## Task to complete
Give back the records below exactly, every one, with no pictures.

## Items from a data source
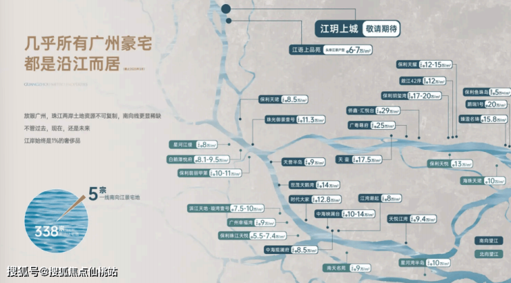 【占据 1% 稀缺资产】⼴州今年⼟地拍卖 338 宗地块,仅有 1% 是⼀线南向江景住宅,珠江两岸⼟地资源不可复制,南向线更显稀缺,江岸始终是 1% 的奢侈品。
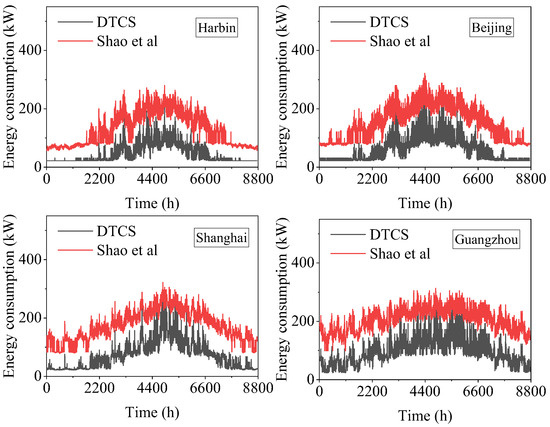 To better evaluate the energy-saving benefits of the DTCS, a comparison was conducted with the currently advanced integrated system utilizing liquid pump and maglev compressor, drawing upon data provided by Shao et al. [22]. Figure 15 illustrates the annual energy consumption distribution of cooling system in different cities. Notably, DTCS consumes significantly less energy than Shao’s integrated system in all four cities. This difference is especially pronounced at lower temperatures, as DTCS primarily operates in natural cooling mode, thereby enhancing energy savings. During higher temperatures, the energy consumption gap between the two systems narrows; however, integrated system energy usage consistently remains higher than that of DTCS. Harbin and Beijing, with their lower seasonal temperatures, exhibit minimal power fluctuations in winter, spring, and autumn. In contrast, Guangzhou, with its warmer climate, experiences high cooling energy consumption year round, resulting in greater power fluctuation and more frequent cooling system adjustments.
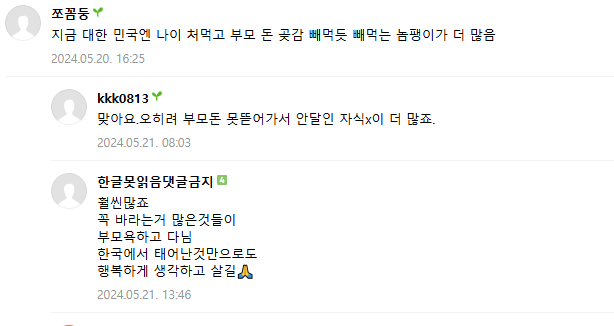 그러면서 “밖에서 자식들이 용돈 줬다고 자랑하시는 노인 분들, 그것만큼 철없어 보이고 모자라 보이는 거 없다”며 “자식들이 정말 행복하게 자신들의 삶을 살아갈 수 있도록 하는 건 부담되지 않게 내 노후 내가 잘 챙기며 손 벌리지 않는 것이다. 돈 줘도 거절할 줄 아는 참 어른이 되시길 바란다”며 글을 맺었습니다.
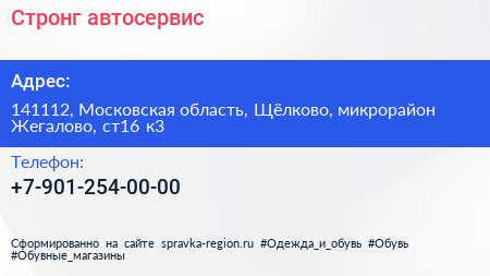 Стронг, автосервис по адресу 141112, Московская область, Щёлково, микрорайон Жегалово, ст16 к3 в дальнейшем Организация, размещена в следующих категориях:
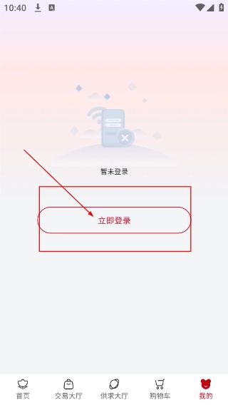 2、进入个人中心页面后,点击【立即登录】按钮,即可进入登录操作界面。
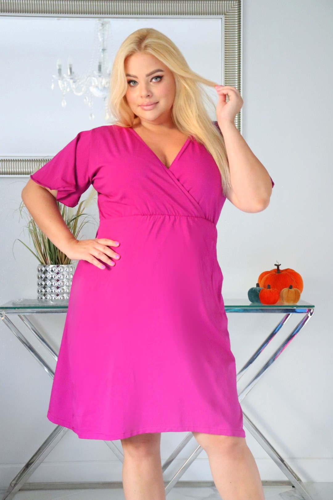 🇵🇱 Polski ProduktSukienka NARINA trapezowa 100% bawełna FUKSJA NATURALNY SKŁAD
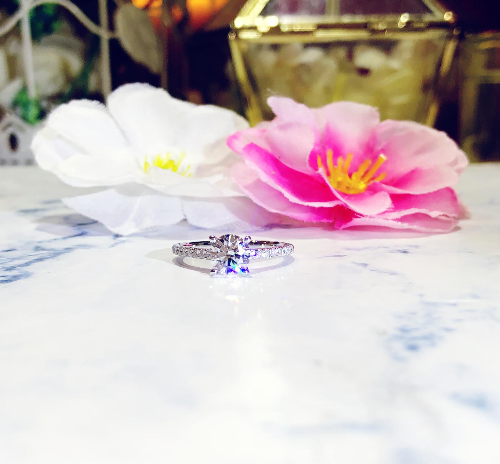 Home Recent Craftswork Diamond Ring with Pave Diamonds 4 Prongs in 18k gold – White, Classic Extravagant

## Answer for the task
 【占据 1% 稀缺资产】⼴州今年⼟地拍卖 338 宗地块,仅有 1% 是⼀线南向江景住宅,珠江两岸⼟地资源不可复制,南向线更显稀缺,江岸始终是 1% 的奢侈品。
 To better evaluate the energy-saving benefits of the DTCS, a comparison was conducted with the currently advanced integrated system utilizing liquid pump and maglev compressor, drawing upon data provided by Shao et al. [22]. Figure 15 illustrates the annual energy consumption distribution of cooling system in different cities. Notably, DTCS consumes significantly less energy than Shao’s integrated system in all four cities. This difference is especially pronounced at lower temperatures, as DTCS primarily operates in natural cooling mode, thereby enhancing energy savings. During higher temperatures, the energy consumption gap between the two systems narrows; however, integrated system energy usage consistently remains higher than that of DTCS. Harbin and Beijing, with their lower seasonal temperatures, exhibit minimal power fluctuations in winter, spring, and autumn. In contrast, Guangzhou, with its warmer climate, experiences high cooling energy consumption year round, resulting in greater power fluctuation and more frequent cooling system adjustments.
 그러면서 “밖에서 자식들이 용돈 줬다고 자랑하시는 노인 분들, 그것만큼 철없어 보이고 모자라 보이는 거 없다”며 “자식들이 정말 행복하게 자신들의 삶을 살아갈 수 있도록 하는 건 부담되지 않게 내 노후 내가 잘 챙기며 손 벌리지 않는 것이다. 돈 줘도 거절할 줄 아는 참 어른이 되시길 바란다”며 글을 맺었습니다.
 Стронг, автосервис по адресу 141112, Московская область, Щёлково, микрорайон Жегалово, ст16 к3 в дальнейшем Организация, размещена в следующих категориях:
 2、进入个人中心页面后,点击【立即登录】按钮,即可进入登录操作界面。
 🇵🇱 Polski ProduktSukienka NARINA trapezowa 100% bawełna FUKSJA NATURALNY SKŁAD
 Home Recent Craftswork Diamond Ring with Pave Diamonds 4 Prongs in 18k gold – White, Classic Extravagant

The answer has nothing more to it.